On parle d'une crise grecque, on parle de la nécessité d'une solidarité européenne (dont le FESF -le Fonds européen de stabilité financière- serait l'expression la plus visible). Mais essayons d'utiliser des mots justes : il ne s'agit pas d'une crise de la Grèce, mais de la mauvaise gestion du gouvernement grec, ce qui n'est pas du tout la même chose. Et il ne s'agit pas de solidarité européenne, mais de la complicité qui existe entre des gouvernements qui utilisent leurs pouvoirs de contrainte afin de cacher la sanction de cette mauvaise gestion par les marchés. Lorsqu'une entreprise est mal gérée, les marchés jouent leur rôle régulateur en durcissant les conditions de financement ou en sanctionnant cette mauvaise gestion par la faillite. Tel est le fondement moral fondamental du fonctionnement des marchés : on est responsable de ses décisions et on ne peut pas faire supporter ses erreurs par autrui. Malheureusement cette discipline morale de la responsabilité est totalement absente des préoccupations gouvernementales : le gouvernement grec a dépensé par démagogie de manière irresponsable. Ce devrait être à lui et à lui seul de rechercher les solutions à ce qui devrait être considéré comme une faillite. Et il est immoral que d'autres gouvernements prélèvent des ressources sur leurs citoyens pour empêcher la sanction de l'irresponsabilité. Le problème en question n'est donc pas un problème de l'Europe et encore moins de l'euro. En prenant pour fondement une prétendue solidarité au profit des plus mal gérés, l'Europe que les gouvernements nous construisent est bien mal partie. Si l'on veut être fidèle à la grande tradition humaniste de la civilisation européenne, fondée sur les valeurs individualistes et sur la responsabilité, c'est une voie absolument inverse qu'il conviendrait de prendre, celle qui permettrait l'épanouissement de la liberté individuelle, du respect du contrat et de la responsabilité.

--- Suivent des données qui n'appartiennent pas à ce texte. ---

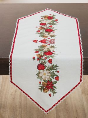 Stickläufer "Landhaus-Weihnacht", zum Besticken in Kreuz- und Knötchenstich. Vorgedrucktes Motiv, randfertig gesäumt mit rotem Spitzenband. Komplettpackung: Anleitung, Garn, Sticknadel. Stofffarbe: elfenbein. Grösse: 35 x 100 cm. Material: Stoff 50 % Leinen, 50 % Baumwolle, Garn 100 % Baumwolle.
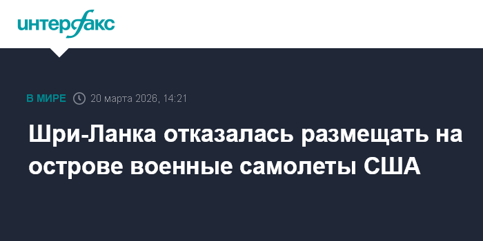 Москва. 20 марта. INTERFAX.RU - Шри-Ланка ответила отказом на запрос США в начале марта о приеме американских военных самолетов в гражданском аэропорту на юге острова, заявил президент страны Анура Кумара Диссанаяке.
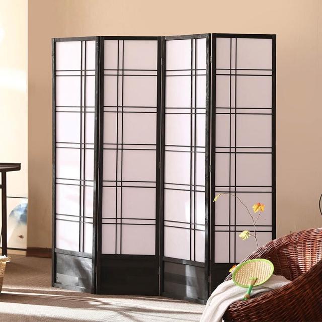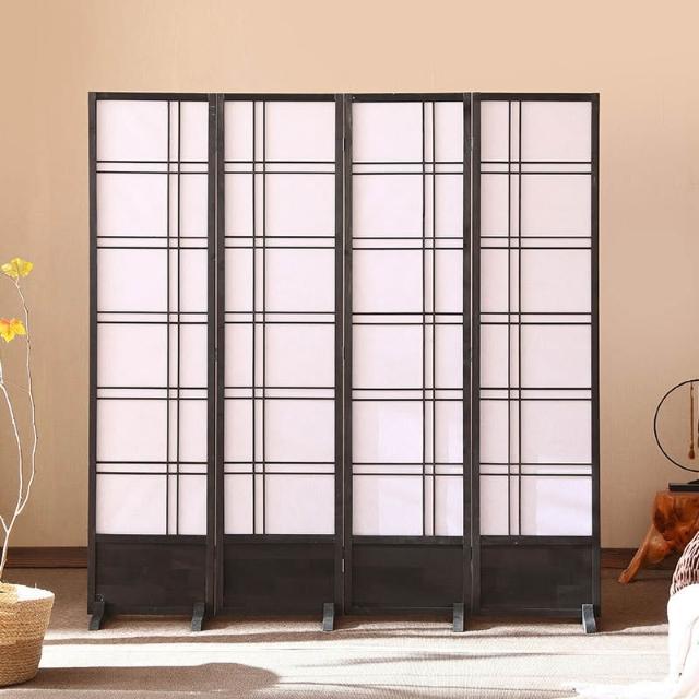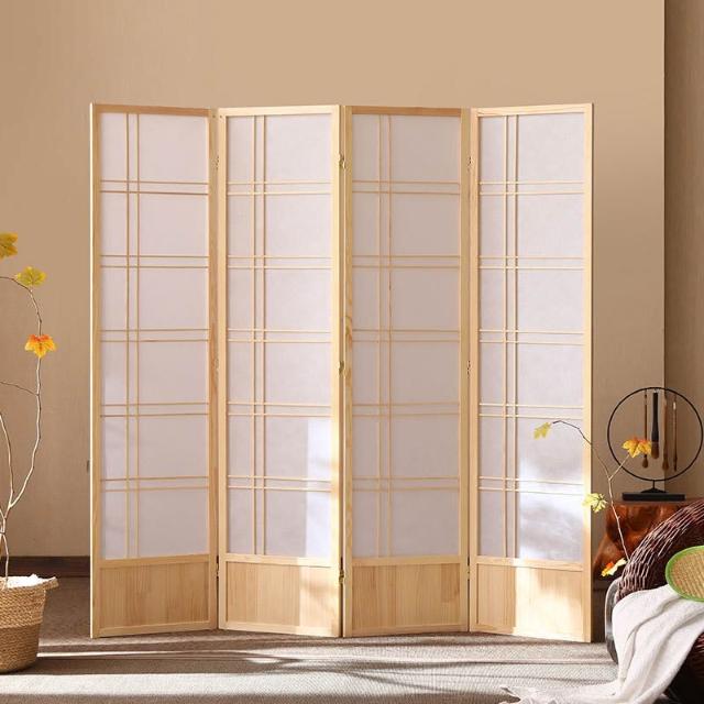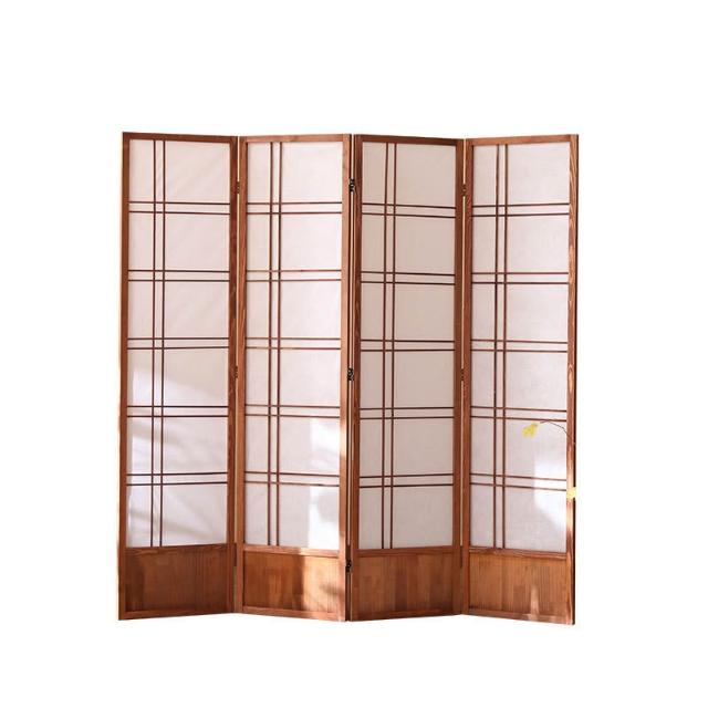 屏風日式松木染色邊框簡約格子遮擋家居玄關折疊屏風隔斷 YY23

L'Allemagne reproche à la France de vouloir refinancer ses banques par le biais des mécanismes de secours européens, alors que ses banques seraient assez solides. Que faut-il en penser ?

Il est certain que le gouvernement français essaie d'éviter à certaines banques françaises les pertes qui proviendraient d'une incapacité du gouvernement grec à rembourser les prêts qu'elles lui ont faits, même si un défaut grec ne suffirait sans doute pas pour les conduire à la faillite. Mais ici aussi il conviendrait de laisser fonctionner la règle de la responsabilité. Il est temps que les banques apprennent que les titres émis par les gouvernements ne sont pas nécessairement des actifs sans risque et qu'elles soient donc sanctionnées de leurs mauvaises décisions de prêt par des pertes ou même des faillites. L'un des grands mérites de la régulation par les marchés tient à ce que l'on apprend de ses erreurs, ce que les gouvernements sont incapables de faire, car ils cachent les conséquences de leurs erreurs et ils les font payer par autrui.

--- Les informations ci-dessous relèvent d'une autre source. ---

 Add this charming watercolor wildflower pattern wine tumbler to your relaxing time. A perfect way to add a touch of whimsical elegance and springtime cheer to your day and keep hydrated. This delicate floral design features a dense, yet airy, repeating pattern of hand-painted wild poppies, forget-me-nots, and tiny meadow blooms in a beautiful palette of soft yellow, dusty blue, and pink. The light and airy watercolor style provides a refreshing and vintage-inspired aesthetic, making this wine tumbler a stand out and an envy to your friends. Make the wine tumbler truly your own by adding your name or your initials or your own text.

Est-ce aux États, et donc aux épargnants et contribuables, de venir en aide aux banques ?

Certainement pas, pour les raisons qui viennent d'être indiquées.

M. Trichet a rappelé jeudi que les banques avaient d'autres moyens de se renflouer. En utilisant notamment leurs propres bénéfices, en pratiquant la modération salariale et en s'adressant au marché des capitaux privés, par exemple en vendant des nouvelles actions en Bourse. Est-ce réaliste ?

Il y a, bien sûr, d'autres moyens de renflouer les banques que de recourir à des aides étatiques. Utiliser ses propres bénéfices constitue une solution peu réaliste, puisque, précisément, les banques en question sont censées être en difficulté, c'est-à-dire avoir des bénéfices nuls ou négatifs. La modération salariale ne peut pas être une solution pour une situation d'urgence. Par contre, une augmentation de capital constitue la solution normale si on estime que, malgré les difficultés de court terme dues aux pertes spécifiques sur les créances publiques (par exemple grecques), la bonne santé d'une banque semble garantie dans le plus long terme. Et si jamais la faillite constitue la seule solution, il faut bien voir que toutes les banques ne courent pas toutes en même temps ce même risque. Certaines, mieux gérées, peuvent alors racheter la banque défaillante : la faillite ne signifie pas la disparition des actifs, de la clientèle, des processus d'activité et ceux-ci sont donc rachetés par ceux qui sont plus aptes à bien les utiliser.